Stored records
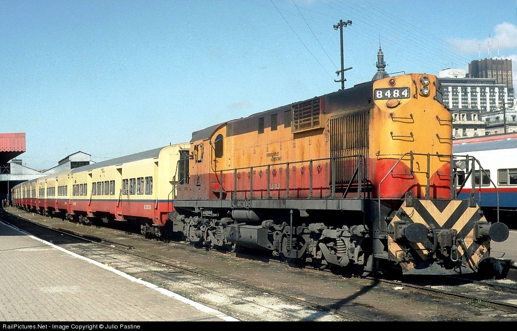 General San Martín Railroad's ALCo. RSD16 #8484 heads a six-car commuter train ready to leave Retiro Terminal. The General San Martín RR. operated its 75 RSD16's in all kind of duties: commuter and intercity passenger services, and merchandise, oil, wine, peddler and way freight. This interchangeability allowed enthusiasts the chance of watch certain gadgets not easily found in Buenos Aires, like the modified knuckle coupler applied to # 8484, which both served as a pure knuckle in oil-train consists with tank cars fitted with knuckle couplers, and as a hook-and-screw coupler by means of the retracting chain hanging from the knuckle side.
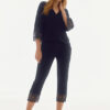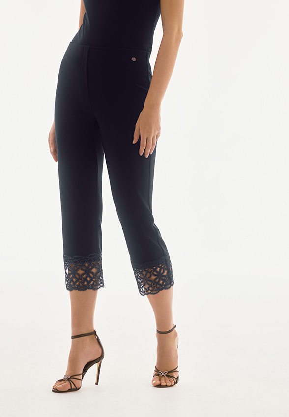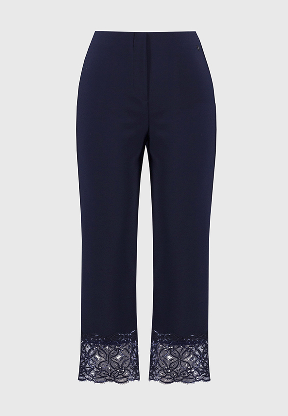 Spodnie z Jedwabistej Dzianiny z Koronką Granatowe
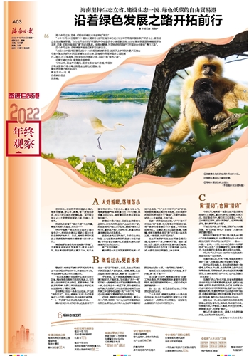 今年以来,我省牢记嘱托,坚持生态立省不动摇,牢固树立和全面践行绿水青山就是金山银山的理念,沿着绿色发展之路开拓前行,建设生态一流、绿色低碳的自由贸易港。
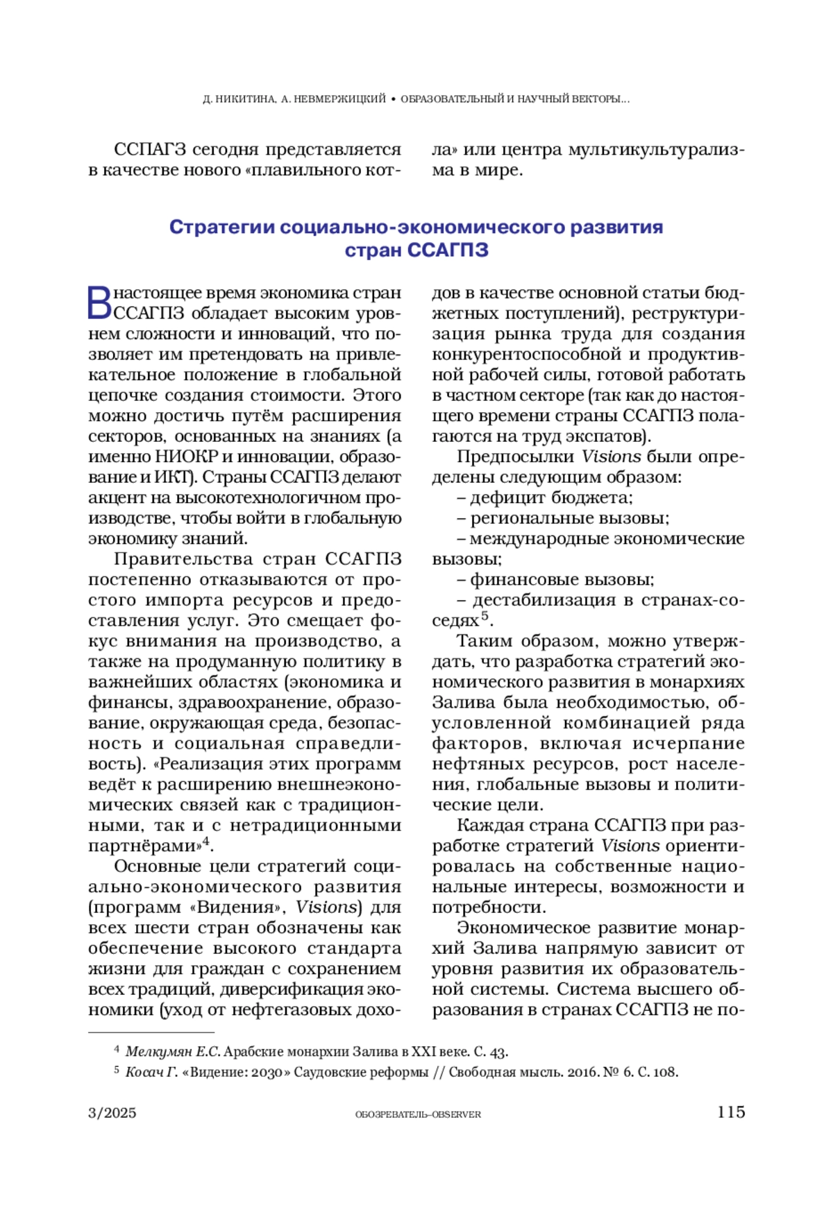 2. Косач Г. «Видение: 2030» Саудовские реформы // Свободная мысль. 2016. № 6. С. 107-124. [Kosach G. «Videnie: 2030» Saudovskie reformy // Svobodnaya mysl’. 2016.№6. S. 107-124]
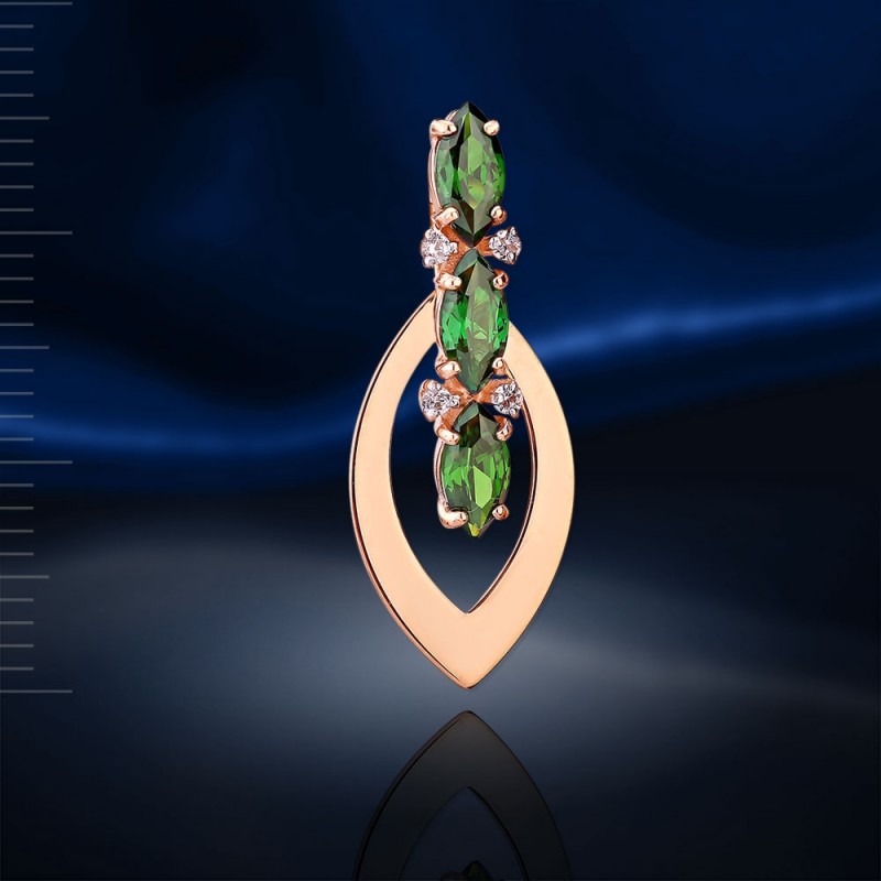 Вставка : 3 фианита цвета изумруда 6.0 х 3.0 мм, 4 фианита ¢ 1.25 мм
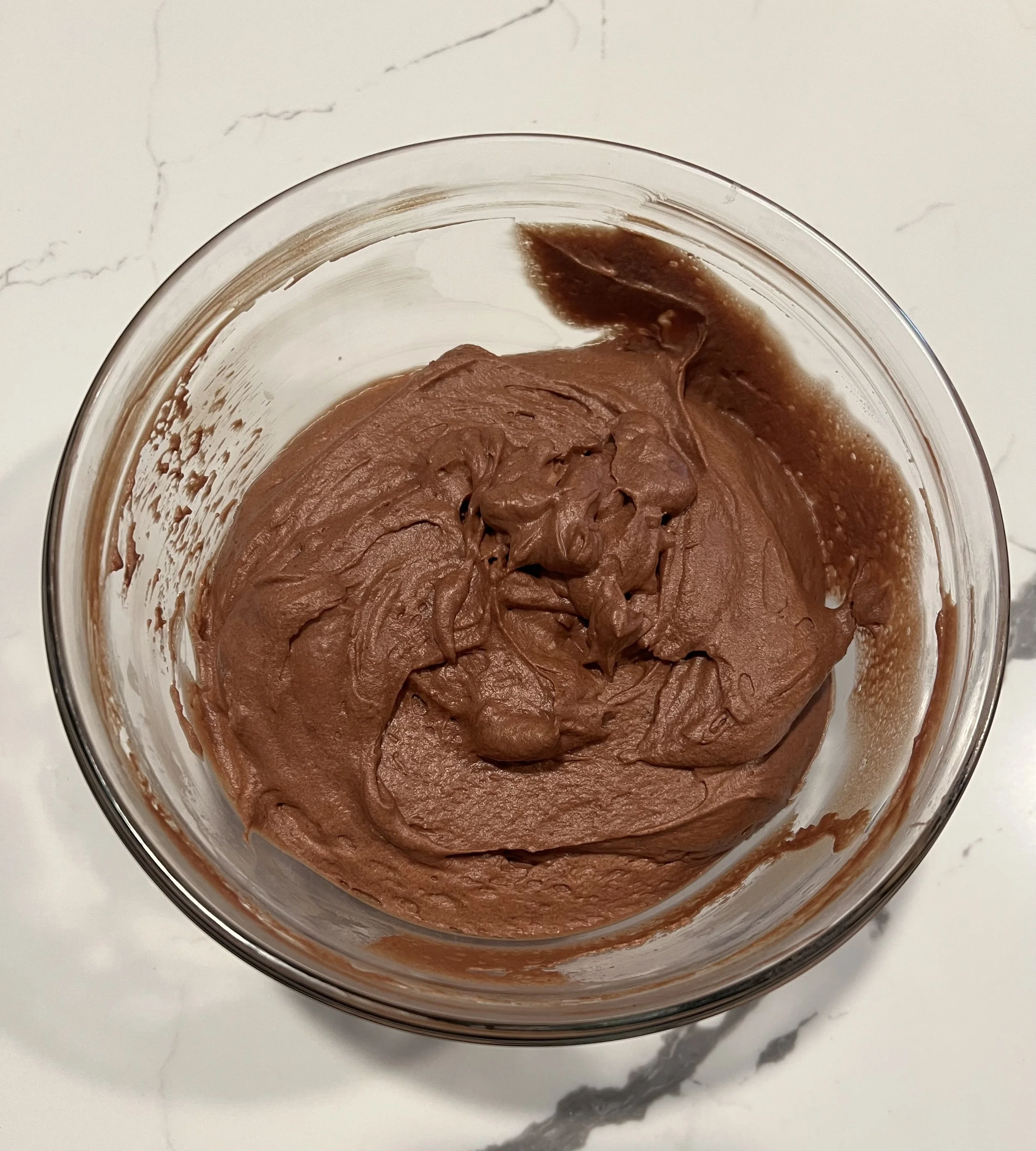 Scoop out egg white peaks and fold slowly into chocolate batter. I use a spatula and fold until uniform in color.
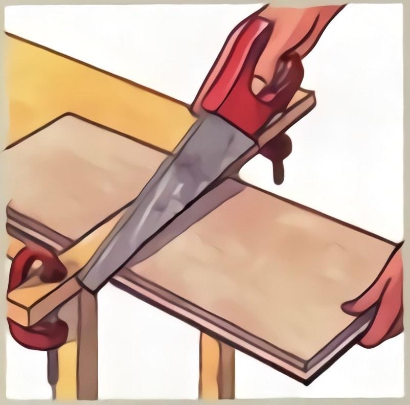 Que se necesita: parquet, cuñas de madera de 100 mm, sierra pequeña, cola de carpintero, pincel, regla, lápiz, trapo de algodón, taco de madera blanda y martillo.
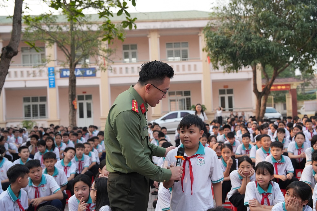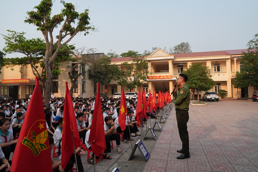 (Congan.nghean.gov.vn)-Ngày 06/4/2026, Phòng Quản lý xuất nhập cảnh Công an Nghệ An phối hợp Cảng hàng không quốc tế Vinh và Công an phường Vinh Phú tổ chức tuyên truyền quy định sử dụng thiết bị bay không người lái và những hành vi ảnh hưởng đến hoạt động bay tại khu vực Cảng hàng không quốc tế Vinh cho học sinh Trường THCS Nghi Ân.
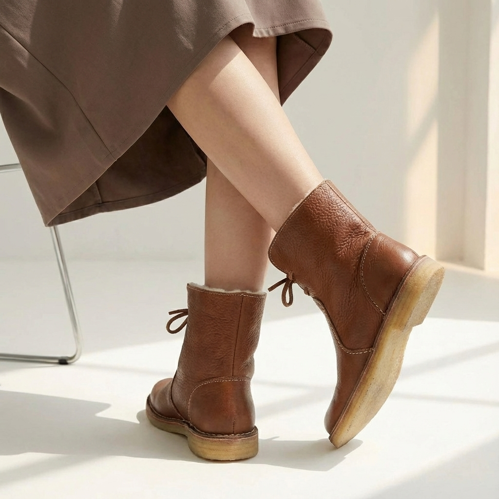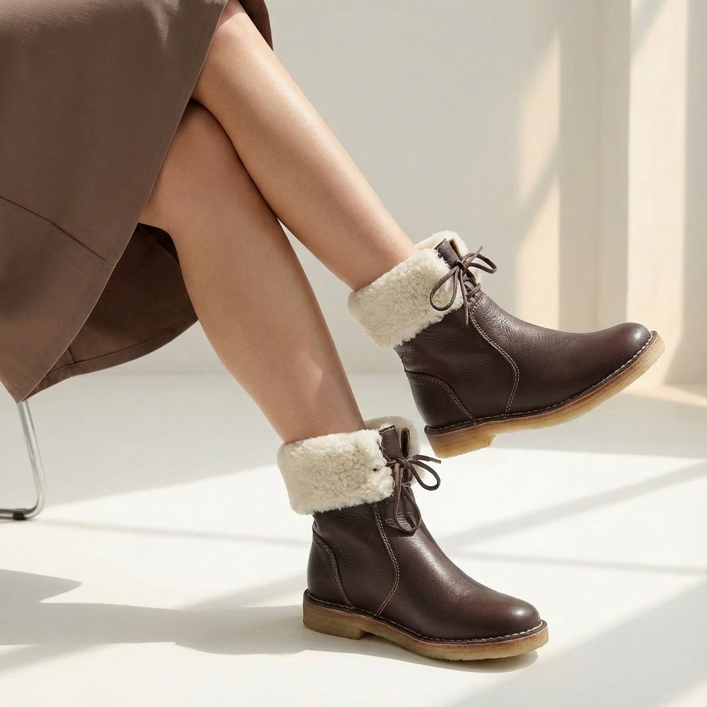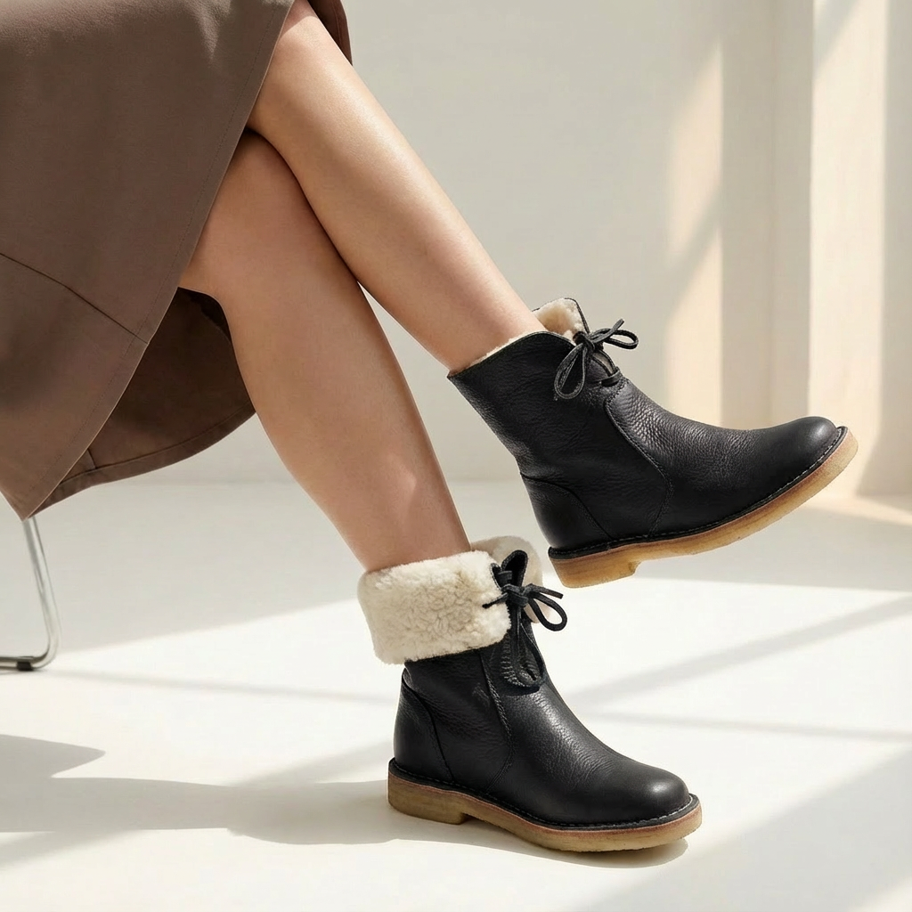 Winter ankle boots with a warm lining for cold days. A simple, easy-on design and a grippy sole make them practical for everyday wear.
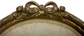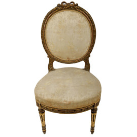 Coppia di sedie in legno dorato e intagliato con rivestimento in tessuto a decori floreali, XIX secolo, cm 99x51,5x47, (difetti)
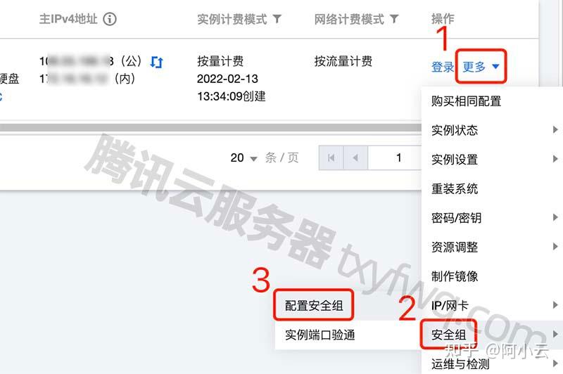 登录到腾讯云服务器控制台,找到目标云服务器,点“更多”--“安全组”--“配置安全组”,如下图:
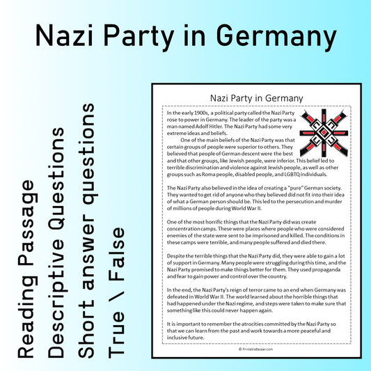 Nazi Party in Germany | Reading Comprehension Passage Printable Worksheet
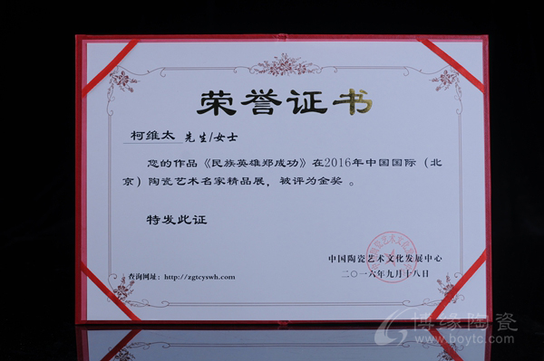 2016年9月18日获评“中国青年陶瓷艺术家”
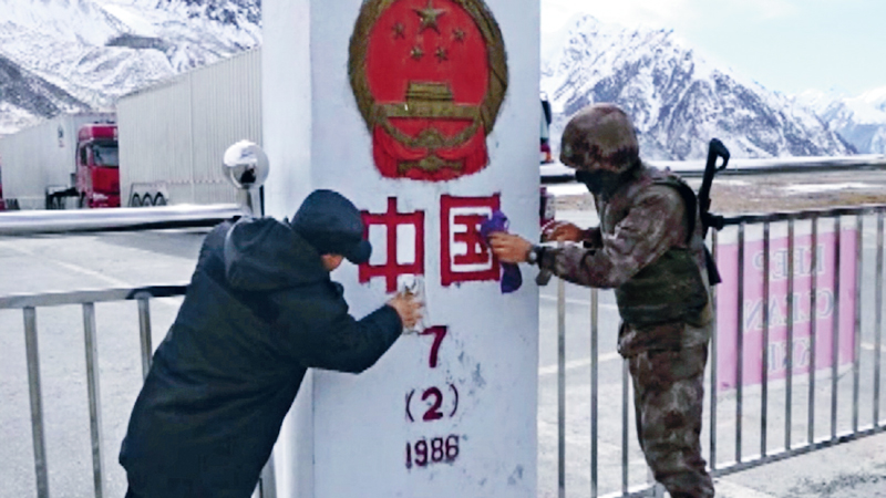 10多年來,拉齊尼·巴依卡守衛(wèi)神圣國土、捍衛(wèi)祖國尊嚴(yán),多次冒著生命危險救助巡邏戰(zhàn)士,足跡踏遍帕米爾高原邊防一線。圖為2016年拉齊尼(左)在紅其拉甫國門與某邊防部隊?wèi)?zhàn)士一起擦界碑。 新疆維吾爾自治區(qū)委員會宣傳部供圖
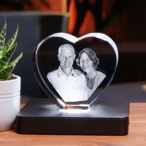 Unsere 3D Glasfotos sind in vier eleganten Formen erhältlich: "Eisberg", "Quader", "Herz" und "Precious". Jede Form gibt es in verschiedenen Größen, sodass Du genau das passende Format für Deine Erinnerungen findest. Alles, was Du benötigst, ist ein einfaches Foto. Unsere erfahrenen Grafiker verwandeln es mit einer speziell entwickelten Software in ein detailreiches 3D Foto in Glas.
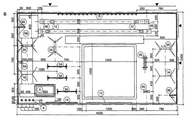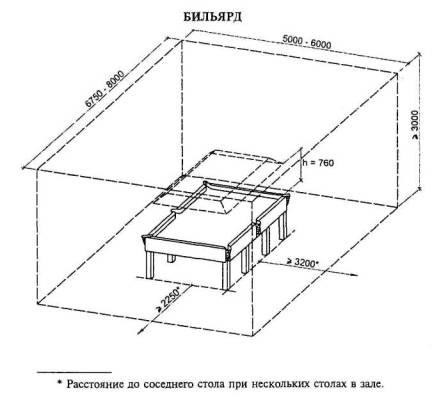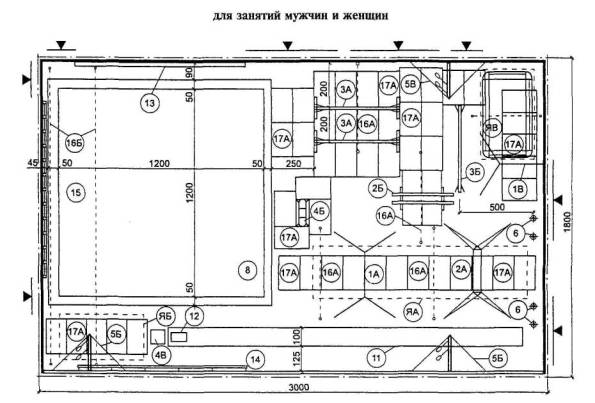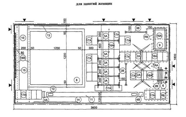 4.6.20 Места для зрителей, если они предусматриваются заданием на проектирование, должны располагаться с трех сторон стола за пределами игровой зоны, т.е. на расстоянии 1,6 - 2 м от стола. Для лучшего наблюдения за игрой они должны быть приподняты. Места для зрителей могут быть постоянными или трансформируемыми. 4.6.21 Игра требует сосредоточенности и концентрации внимания игроков, поэтому бильярдная нуждается в изоляции от наружного шума. 4.6.22 При включении бильярдной в другие сооружения игроки пользуются общими вспомогательными помещениями. Для бильярдных клубов, особенно отдельно стоящих сооружений, требуются раздевальные, душевые, туалеты, мастерская, комната отдыха, кафе-бар, клубные помещения, помещения для администрации, для собраний членов клуба и прочее (рисунок 4.59). Помещения аэробики и атлетической гимнастики 4.6.23 Планировочные параметры спортивных залов атлетической гимнастики, индивидуальных занятий аэробикой с использованием техники, шейпинга, кардиозалов, помещений индивидуальной силовой подготовки не нормируются. Допускается их размещение в помещениях произвольной формы, а также в помещениях с сеткой промежуточных опор не менее 6´6 м. 4.6.24 Площади залов атлетической гимнастики, индивидуальных занятий аэробикой с использованием тренажерной техники, шейпинга, кардиозалов, помещений индивидуальной силовой подготовки, приведенные в таблице 4.11, составленной по материалам пособия к МГСН 4.08, являются минимальными и могут быть увеличены заданием на проектирование с учетом принятой единовременной пропускной способности, уровня комфортности и принятого состава оборудования (из расчета 4,5 м2 на 1 тренажер). Таблица 4.11 - Рекомендуемые габариты и площади помещений физкультурно-оздоровительного назначения

Your objective: Respond with the exact lines above running from the one containing "2. Косач Г." to the one containing "10多年來,拉齊尼·巴依卡守", both ends kept and no pictures included.

Answer for the task:
 2. Косач Г. «Видение: 2030» Саудовские реформы // Свободная мысль. 2016. № 6. С. 107-124. [Kosach G. «Videnie: 2030» Saudovskie reformy // Svobodnaya mysl’. 2016.№6. S. 107-124]
 Вставка : 3 фианита цвета изумруда 6.0 х 3.0 мм, 4 фианита ¢ 1.25 мм
 Scoop out egg white peaks and fold slowly into chocolate batter. I use a spatula and fold until uniform in color.
 Que se necesita: parquet, cuñas de madera de 100 mm, sierra pequeña, cola de carpintero, pincel, regla, lápiz, trapo de algodón, taco de madera blanda y martillo.
 (Congan.nghean.gov.vn)-Ngày 06/4/2026, Phòng Quản lý xuất nhập cảnh Công an Nghệ An phối hợp Cảng hàng không quốc tế Vinh và Công an phường Vinh Phú tổ chức tuyên truyền quy định sử dụng thiết bị bay không người lái và những hành vi ảnh hưởng đến hoạt động bay tại khu vực Cảng hàng không quốc tế Vinh cho học sinh Trường THCS Nghi Ân.
 Winter ankle boots with a warm lining for cold days. A simple, easy-on design and a grippy sole make them practical for everyday wear.
 Coppia di sedie in legno dorato e intagliato con rivestimento in tessuto a decori floreali, XIX secolo, cm 99x51,5x47, (difetti)
 登录到腾讯云服务器控制台,找到目标云服务器,点“更多”--“安全组”--“配置安全组”,如下图:
 Nazi Party in Germany | Reading Comprehension Passage Printable Worksheet
 2016年9月18日获评“中国青年陶瓷艺术家”
 10多年來,拉齊尼·巴依卡守衛(wèi)神圣國土、捍衛(wèi)祖國尊嚴(yán),多次冒著生命危險救助巡邏戰(zhàn)士,足跡踏遍帕米爾高原邊防一線。圖為2016年拉齊尼(左)在紅其拉甫國門與某邊防部隊?wèi)?zhàn)士一起擦界碑。 新疆維吾爾自治區(qū)委員會宣傳部供圖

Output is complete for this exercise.